Almanya'ya göç etmiş bir ailenin çocuğu olarak 1977'de Kassel'de dünyaya gelen Ömer, değişik kulüplerin altyapılarında oynadıktan sonra Hamburg'un efsanevi takımı St. Pauli'ye transfer olur. Bir sezon St. Pauli'de oynadıktan sonra Bursaspor'un da taliplisi olduğu bir transfer döneminde Hikmet Karaman'ın çalıştırdığı Erzurumspor'la anlaşır.
Erzurumspor'un ardından Güneydoğu'ya geçer ve Diyarbakırspor'a transfer olur. Şenol Karagöl'lü, Hasan Yiğit'li, Deniz Kolgu'lu ve Murat Hacıoğlu'lu Diyarbakır, 4 büyüklerin korkulu rüyası olurken Ömer Erdoğan'ın piyasası gittikçe artar ve 2 yıllık Diyarbakır macerasının ardından soluğu 2. Terim dönemini yaşayan Galatasaray'da alır.

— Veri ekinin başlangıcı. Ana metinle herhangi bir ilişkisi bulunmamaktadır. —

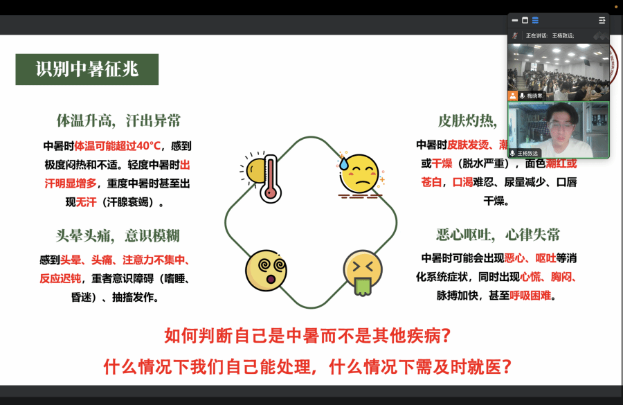 在讲解中暑的发病诱因时,王杨致远指出,高温环境、长时间户外活动、体力消耗等诸多因素都可能成为中暑的诱因。他强调,保持规律作息、合理饮食、适度补水以及良好的防暑措施对于预防中暑至关重要。此外,他详细介绍了如何通过科学方法有效预防和应对中暑,同学们可以通过携带防暑药品、定时休息补水、穿着透气服装等日常防护措施,来有效预防中暑。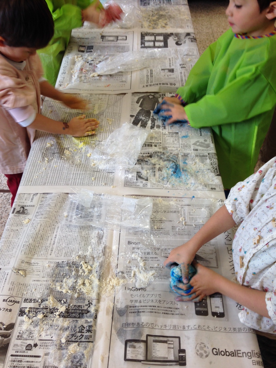 27日がお月見という事で、子ども達と一緒に小麦粉ねんどを作りました。今月のお月見は大きな満月だそうです。もし晴れていたら見てみて下さいね。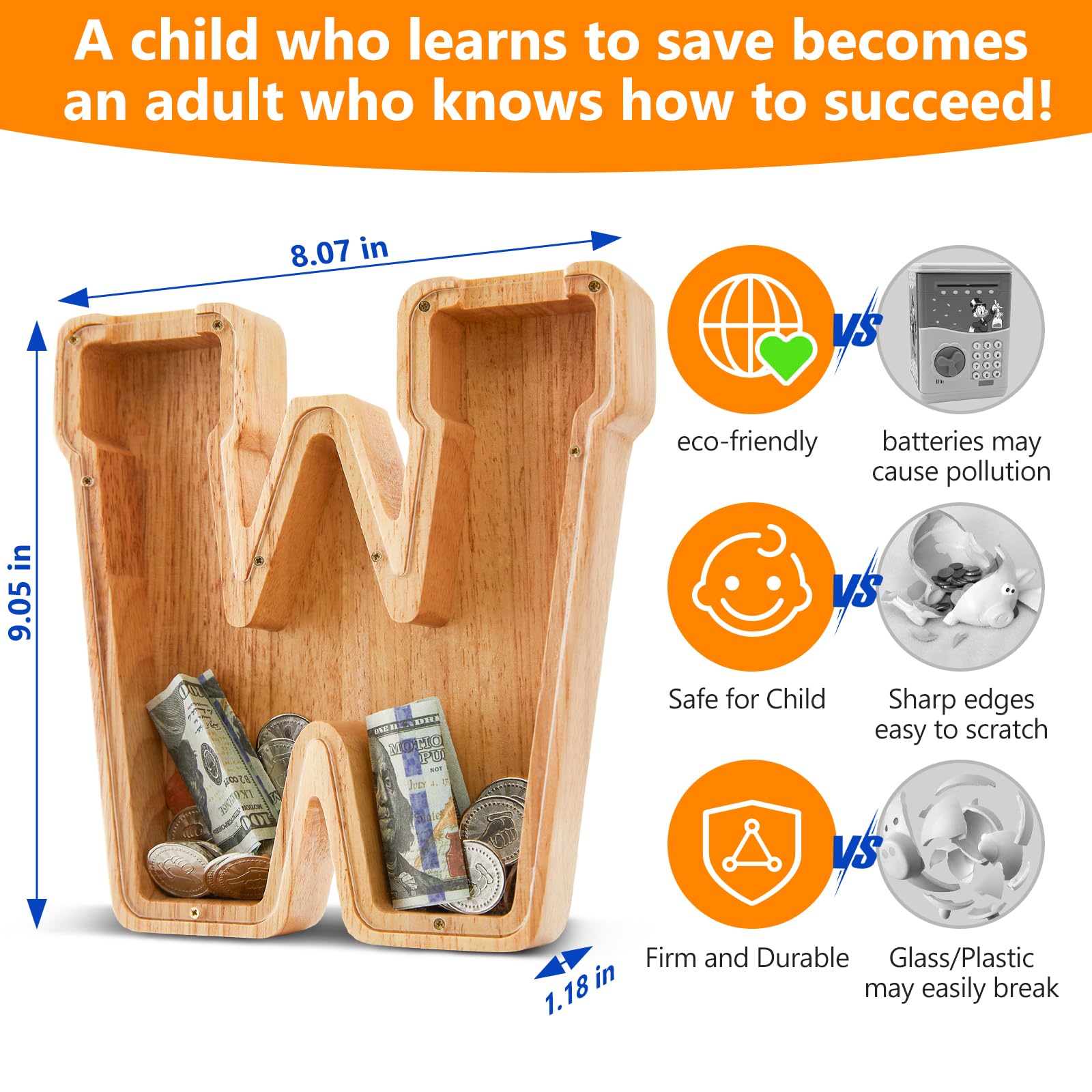 View compareWooden Letter Piggy Bank for Kids Initial Coin Bank for Boys and Girls First Name Personalized Savings Bank for Birthday Boys Girls Gift Piggy Bank for Kids (Wood S9-W)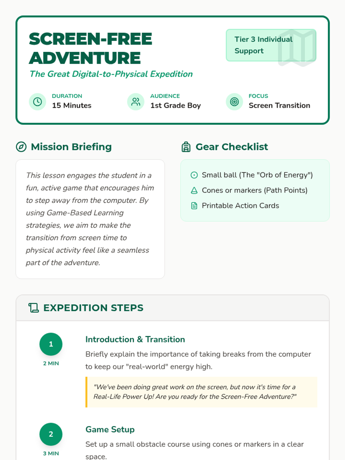 This lesson engages a 1st-grade boy in a fun, active game that encourages him to step away from the computer. By using Game-Based Learning and Active Learning strategies, the lesson aims to make the transition from screen time to physical activity enjoyable and seamless.

Çalkantılarla geçen Galatasaray macerasında önce Bülent Korkmaz - F. De Boer ikilisinin ardında kalır. Kadro dışı vakalarının ardından forma şansı bulsa da Fatih Terim takımdan ayrılıp göreve Gheorghe Hagi getirilince yedek kulübesi çilesi yeniden başlar. Biri Fenerbahçe, biri de Elazığspor filelerine giden iki golüyle Galatasaray macerasına nokta koyar. Yeni durağı Malatyaspor olacaktır.
Ömer Erdoğan Malatyaspor'da 2 sezon geçirir. Aykut Kocaman vasıtasıyla transfer olduğu Malatya'da ilk sezonu güllük gülistanlık devam ederken ciddi bir sakatlık geçirir ve uzun müddet sahalardan uzak kalır. 2. sezonu ise tam bir felakettir. Özellikle Ziya Doğan döneminde hatrı sayılır başarılara imza atan, UEFA Kupası'na katılan Malatyaspor 2006'da Turkcell Super Lig'e veda eder. Ömer Erdoğan da o kadronun içerisindedir.

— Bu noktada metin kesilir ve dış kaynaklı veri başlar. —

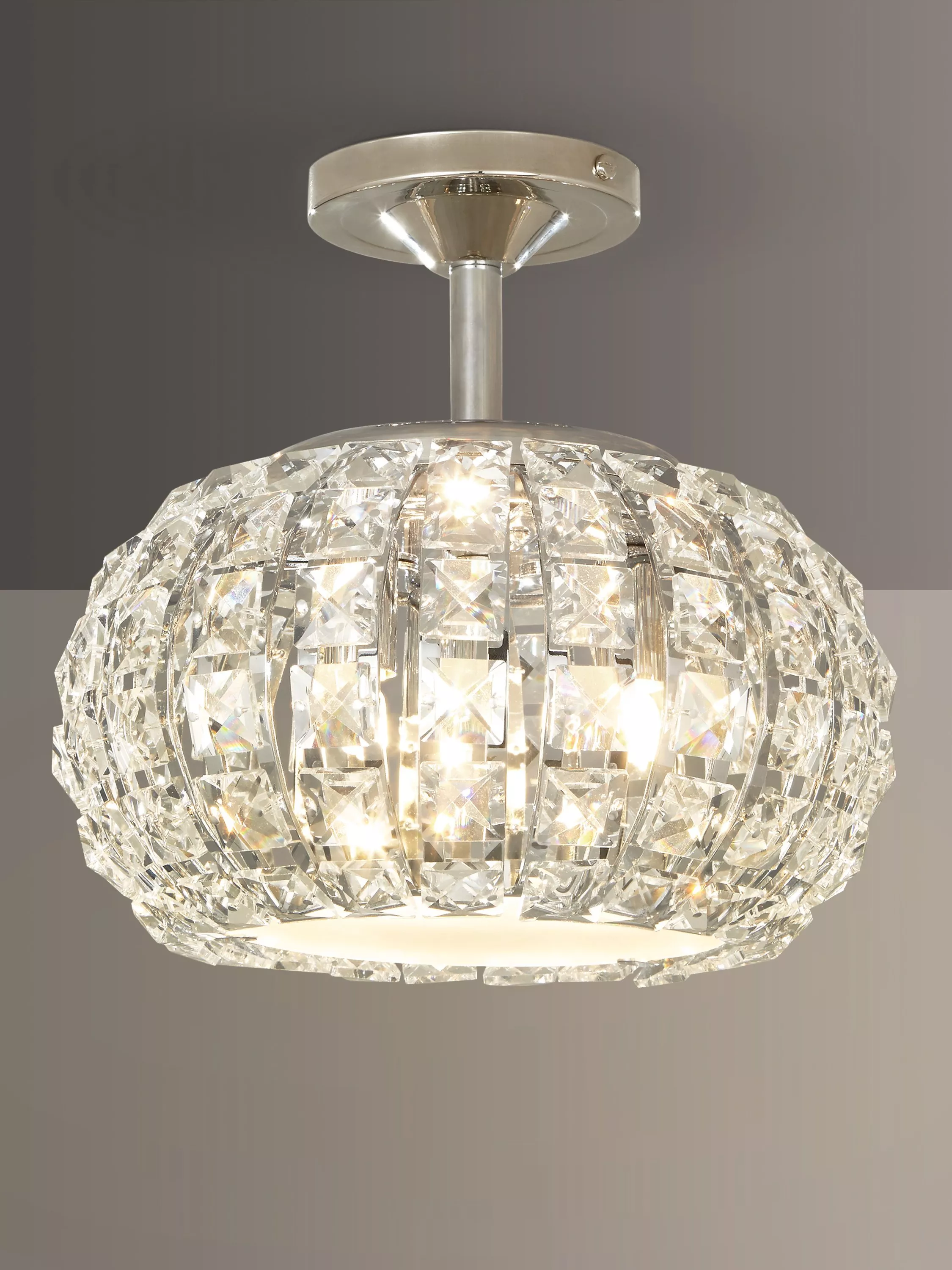 With its intricate array of cut crystal glass, this beautiful semi flush ceiling light adds a real feeling of boutique glamour to a room.

Malatyaspor'daki son maçlarında üst üste goller bulunca transfer döneminin paylaşılamayan futbolcularından biri olur. O ise tercihini lige yeni yükselen Bursaspor'dan yana kullanır. Bursaspor ona, o Bursaspor'a öyle uyum sağlar ki kaptanlığa dek yükselir. Ertuğrul Sağlam göreve getirilene dek inişli çıkışlı bir performans sergileyen Bursaspor, Sağlam'la birlikte adeta şahlanır ve bu şahlanışın en mühim parçalarından biri 30'unu geçmiş Ömer Erdoğan olur.
Ömer'in en önemli özelliği gol yollarındaki başarısı. Bu değirmenin suyu, Ömer'in Almanya'da santrfor olarak oynamasından kaynaklanıyor. Futbola santrfor olarak başlayan Ömer, bir defalığına stopere çekilir ve çekiliş, işte o çekiliş. O günden bugüne stoper olarak ülke futboluna nam salar.

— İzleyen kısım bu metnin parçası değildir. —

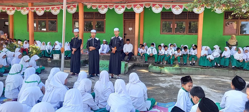 Kepala Madrasah Ibtidaiyah Negeri I Muara Enim Juniar, dewan guru serta siswa dan siswi menyambut dengan gembira kedatangan safari ramadhan dari pesantren Laroibah.

Ligin açık ara en profesyonel ve en beyefendi futbolcularından olan Ömer, evli ve -bildiğim kadarıyla- 1 çocuk babası. Bilgi yanlışlığı varsa kendisinden özür dilerim :). Ömer'in favori takımı Bayern Münih, en beğendiği futbolcu Cristiano Ronaldo. Kendisi 2007'de Tam Saha dergisi için verdiği röportajda bugüne dek forma giydiği futbolculardan şöyle bir 11 oluşturmuş; "Kalecim Mondragon. Savunmanın sağına Emrah Eren'i soluna Celaleddin'i, defansın ortasına ise Egemen'le kendimi yerleştiriyorum. Orta alanın sağı için favorim Sabri Sarıoğlu. Solda Murat Erdoğan'ı çok beğenirim. Göbek için seçtiğim oyuncular Ayman ve Ergin Yücetaş. Forvet ikilim ise Sinan Kaloğlu ve Ümit Karan'dan oluşuyor."